** Opening Data shown block **

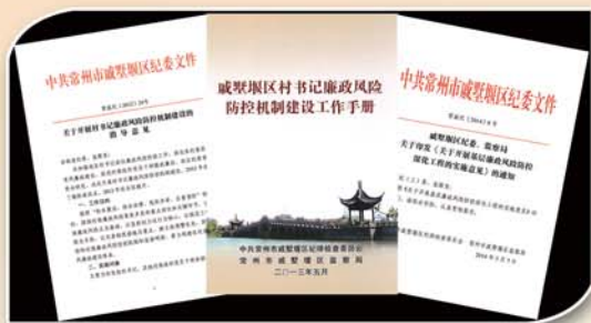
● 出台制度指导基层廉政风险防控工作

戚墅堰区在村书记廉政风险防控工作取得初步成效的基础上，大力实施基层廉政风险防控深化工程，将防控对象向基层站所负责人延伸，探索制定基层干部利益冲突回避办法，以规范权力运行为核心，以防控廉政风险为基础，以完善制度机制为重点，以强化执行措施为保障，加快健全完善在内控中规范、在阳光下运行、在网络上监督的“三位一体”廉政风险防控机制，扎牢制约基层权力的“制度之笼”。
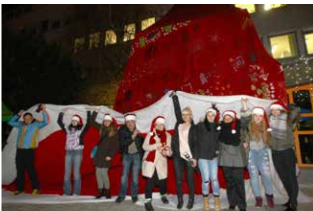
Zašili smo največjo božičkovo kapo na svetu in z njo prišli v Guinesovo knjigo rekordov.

** Closing Data shown block **
** Opening Data shown block **

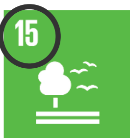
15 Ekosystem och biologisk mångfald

** Closing Data shown block **

Exercise details
Could you output exactly the lines above, from the line with "戚墅堰区在村书记廉政风险防控" up to and including the line with "Zašili smo največjo", and nothing else, skipping the pictures?

Answer box
戚墅堰区在村书记廉政风险防控工作取得初步成效的基础上，大力实施基层廉政风险防控深化工程，将防控对象向基层站所负责人延伸，探索制定基层干部利益冲突回避办法，以规范权力运行为核心，以防控廉政风险为基础，以完善制度机制为重点，以强化执行措施为保障，加快健全完善在内控中规范、在阳光下运行、在网络上监督的“三位一体”廉政风险防控机制，扎牢制约基层权力的“制度之笼”。
Zašili smo največjo božičkovo kapo na svetu in z njo prišli v Guinesovo knjigo rekordov.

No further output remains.